Our analysis generates recommendations for PDs and for the AAIM guidelines (see Table 4). We recommend the creation of a new “section for growth” in LOR-AAIM. Researchers report the pervasiveness of hedging in evaluations of residents.²⁷ To rank-order residents, faculty must “read between the lines” of these evaluations, but the lack of a standard “hidden code” risks variable interpretation of evaluations.²⁸ Our experience is that a de facto system to report trainee areas for growth is in use, often communicated with doubt raising language. A required section regarding areas of strength and for growth could diminish use of doubt raising language by requiring comments for all applicants. The business world uses such a section.²⁹ We recommend further work by the Accreditation Council for Graduate Medical Education (ACGME) to create a Milestones-based system to track resident competency in research or scholarly activities. The ACGME Internal Medicine Subspecialty Milestones have a scholarship subsection (MK3) that does not exist as a Residency Milestone.³⁰ Expanding residency clinical competencies to include scholarly activities would help PDs systematically evaluate applicants. Finally, we wish to acknowledge that the bias in these letters is part of a long history of oppression against women and people of color in the United States. Despite our recommendations, as long as there remains systemic racism and sexism, bias will continue to make its way, both overtly and insidiously, into letters of recommendation.³¹

Table 4.

Recommendations for Specific Letters of Recommendation (LOR) Sections

LOR Section	Recommendations
General recommendations	Follow the 2017 AAIM guidelines. Frame communal descriptors as strengths rather than weaknesses. PDs and evaluators should undergo regular anti-bias training to raise awareness of use of biased language and its context. PD and evaluator training should include discussions of bias in a broader social context, including discussions of structural racism and sexism. Have LOR reviewed by a third party with anti-bias training. Develop guidelines for the creation of a new “section for growth.”
Core competencies section	Require a separate section to describe each competency, as opposed to a single section where all competencies are described together.

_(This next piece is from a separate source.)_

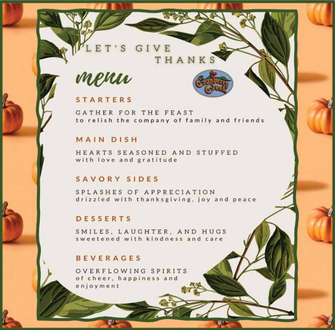 As we enter the month of giving thanks, it is an appropriate time to offer thanks to all those who volunteer in our Community without fanfare. To all who give their time and talent in helping our Community function well, remain enjoyable and well-maintained, the Board offers, on behalf of every resident, our sincere thanks to you! To all who volunteer on Committees, who clean up or perform necessary tasks, to everyone who offers a friendly wave or checks in on a neighbor or offers charitable services here or outside Cranberry Creek, to all who carry out thoughtful acts that go largely unnoticed, we also say...thank you to YOU!! We are all the better for having you here.
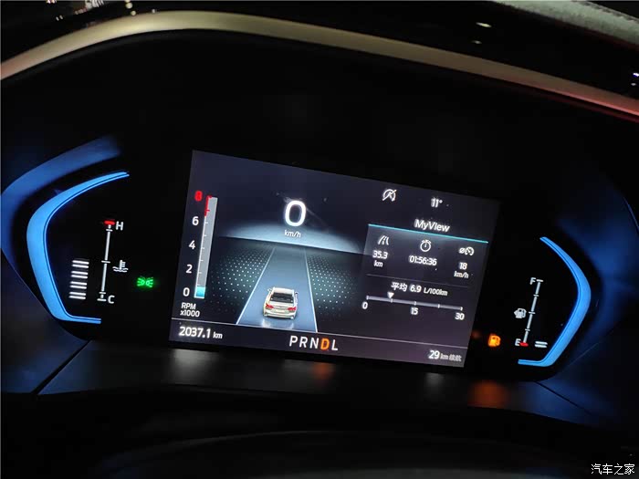 仪表盘精致,好看。现在开了2037公里,表显油耗6.9L/100km,不知道这个油耗如何,大家说说看你们的油耗在多少呢?

Ensure that evaluative quotations or narrative descriptions communicate the clinical performance of applicants, including only the pertinent content (eg, descriptions of patient care should not enter the medical knowledge section). This is especially true for evaluative quotations. Use agentic and communal descriptors to create a fair appraisal of each applicant.
Scholarly activity section	Develop guidelines to allow better characterization of an applicant's career trajectory in terms of skills and demonstrated competencies. Consider using the current scholarship subsection within the ACGME Internal Medicine Subspecialty Milestones as a guide for describing applicants' scholarly activities. Use active verbs to describe applicants' activities.
Overall summary section	Develop guidelines to standardize the overall summary section, which include a method for synthesizing the core competencies, scholarly contributions, and personal characteristics/skills sections. Use agentic and communal descriptors to create a fair appraisal of each applicant.

Open in a new tab

Abbreviations: AAIM, Alliance for Academic Internal Medicine; PD, program director; ACGME, Accreditation Council for Graduate Medical Education.

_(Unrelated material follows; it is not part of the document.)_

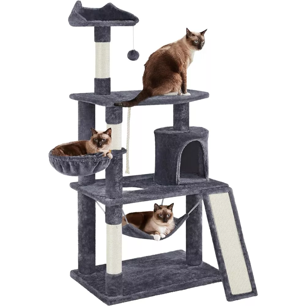 61″ Multi-Level Cat Tree with Scratching Posts & Hanging Toy

Our study has limitations. First, the LOR were for applicants accepted to interview at a single cardiology fellowship program. We feel that the existence of biased language in the LOR for applicants to this program shows that bias toward URC applicants is likely omnipresent. Second, our study did not consider the gender or race of the letter writers, which can impact language, letter length, and overall appraisal of the applicant being evaluated.³²^,³³ Third, coders were not blind to race/gender, introducing the possibility of confirmation bias. Fourth, given our sample, we could not comment on intersectionality of gender and racial bias, which has previously been shown to influence achievement word use in LOR.³⁴

Conclusions

We found that language, including communal and agentic terms, doubt raising, and bias in career trajectory, was used in a biased pattern toward URC applicants. This bias appeared reduced, though not eliminated, when PDs followed the AAIM guidelines. We have provided recommendations on how to continue to work to reduce this bias.

Supplementary Material

Click here for additional data file.^{(170KB, pdf)}

Footnotes

Funding: The authors report no external funding source for this study.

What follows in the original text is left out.